Cross
CROSS — cross, F2L, OLL, PLL — that's the road.
Press play to listen along. The line being read lights up as you go.
Show full transcript
Loading transcript…
On the corner of Leo's desk, a small cheetah in a chunky blue vest was solving a cube so fast it hummed.
Click. Click-click. Click. Cross's paws blurred. White cross on the bottom in the time it took Leo to breathe in. Then something Leo had never seen — Cross grabbing a corner and an edge at the same moment, spinning them until they snapped into a little block, and sliding them home together. Click. Two pieces, one motion. Then the top layer flashed yellow all at once, then the whole cube settled into six clean faces, and Cross set it down, not even winded.
Leo stared. His own cube sat in his lap, still a jumble. His timer still said forty-eight seconds from his last solve.
"How," Leo said, "did you just do that."
"One road," Cross said, tapping a tiny card he carried. Four words on it: Cross. F2L. OLL. PLL. "I don't scramble around hunting for pieces. I walk the same four stages, every single time, in the same order. Cross first — always. Then pairs. Then the top." He nudged Leo's cube. "You already walk the first step. You just walk the rest the slow way."
Leo made a white cross on the bottom in about eight seconds. "I'm good at that part," he said, a little defensive.
"You are," Cross agreed. "That's the road starting under your fingers. The trick isn't a different cube. It's the same four steps, until they know themselves."
Cross had not always been fast.
When he was small, he'd learned the cube one careful layer at a time — bottom, middle, top — and he'd been proud of it. Then he'd watched an older cuber at the dojo solve in a blur, and his stomach had dropped the way it did before a race he knew he'd lose. He went home and tried to copy her, mashing moves as fast as his paws would go, and the cube fought him every time. Faster hands, more mistakes. He'd sit on the floor after each botched solve feeling a hot, tight knot behind his ribs — everyone else is zooming past and I'm stuck.
An old mentor named Cubix had found him there one night, cube half-solved, ears flat.
"You're trying to be fast," Cubix said gently. "Fast isn't a thing you do. It's a thing that happens to you, later, once one small move stops needing your attention."
"But I want it now," Cross had said, and his voice cracked a little.
"I know." Cubix picked up the cube and made one pair — just one — slow and clean. "Learn this. Only this. A hundred times. Not to be fast. To make it disappear." He handed it back. "When a move goes quiet in your hands, your speed climbs on its own. You don't chase it. You free it."
Cross didn't get faster that night. But the hot knot behind his ribs loosened, just a little. The mountain had a first step now, and the step was small enough to stand on.
He came to Cubesensei at twelve, because it was a place that took the road seriously — not just solving, but how you learned to solve.
Cubix met him at the door and asked only one thing. "Show me how you'd teach someone who's stuck."
Cross didn't answer with words. He took a scrambled cube, made the bottom cross, then stopped. He found one corner and its matching edge, floating loose in the top layer. He turned them together, patient, until they clicked into a tidy pair — and only then slid the pair into place as a single team.

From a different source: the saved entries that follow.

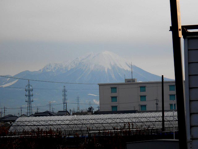 雪を頂いた大山を遠くに眺めつつ、待つこと暫し…
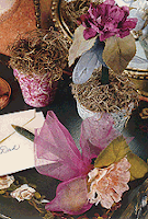 Decorations – By having the party in a garden or patio, weather permitting of course, you can cut down on the cost of decorations. Let nature do the decorating. With fruit bowls as the centerpiece, you can have additional decorations for each place setting. I suggest the flower pot pen and tulle tea bag sets for each person. They are simple and great as a take home gift.
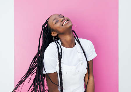 Happy woman with braids standing at pink wall outdoors with closed eyes

"That's it," Cross said. "I could show a kid all four stages in a minute. But I'd only teach them that one pair. And I'd make them do it a hundred times before I said another word."
Cubix nodded slowly. "Most cubers show off. You show patience." He stepped aside. "You belong here."
The next afternoon a boy named Leo sat across from Cross with the CFOP card in his hands, and his shoulders were up around his ears.
"Cross, F2L, OLL, PLL," Leo read. "That's four whole new things. And you said there's, like, seventy-eight patterns to memorize? I can't. That's too much."
Cross set one paw over the last two words on the card, hiding them. "You're right. That is too much. So we won't do that." He uncovered just F2L. "One stage. And inside that stage — " he held up a single claw " — one pair. One way to build it. That's all you're allowed to work on today. I won't let you touch anything else."
Leo blinked. "That's it? One pair?"
"One pair. But you'll build it until your fingers stop asking you which way to turn." Cross guided Leo's hands. "Find the corner. Find its edge. Turn them till they match. Now insert them — together."
Leo fumbled. He lost the edge. He put the corner in backward and had to pull it out. Cross didn't sigh, didn't rush him — just said the four small steps again, and again, the same words each time, like a rhythm. Find the corner. Find the edge. Make the pair. Insert.
On the ninth try, something shifted. Leo found the corner without hunting. Found the edge. Turned them, and they snapped — click — into that tidy little block, and slid home in one clean motion.
"I did it," Leo whispered. "I made a pair."
"You did," Cross said. "Slowly. Which is the only way anyone ever did it fast."
Leo wanted to try again right away, but Cross stopped him with a paw and asked him something quieter.
"That pair," Cross said. "When it finally clicked — what did it feel like?"
Leo thought about it. His forty-eight-second solves, the friends zooming past, the frustration he'd carried in all crumpled up. And then that one small snap under his fingers.
"Like a door opened," Leo said. "Just a crack. Like — I'm not there yet, but I could be. It felt good in a way that being fast didn't, even though it was way slower."
Cross smiled, and for a second he was small again on a dojo floor with a loosening knot behind his ribs.
"That," he said softly, "is the whole road. Not the seventy-eight patterns. Not the three-second solves. Just this — one thing going quiet in your hands, and the little lift you feel when it does. Chase that feeling instead of the timer, and the speed comes to find you."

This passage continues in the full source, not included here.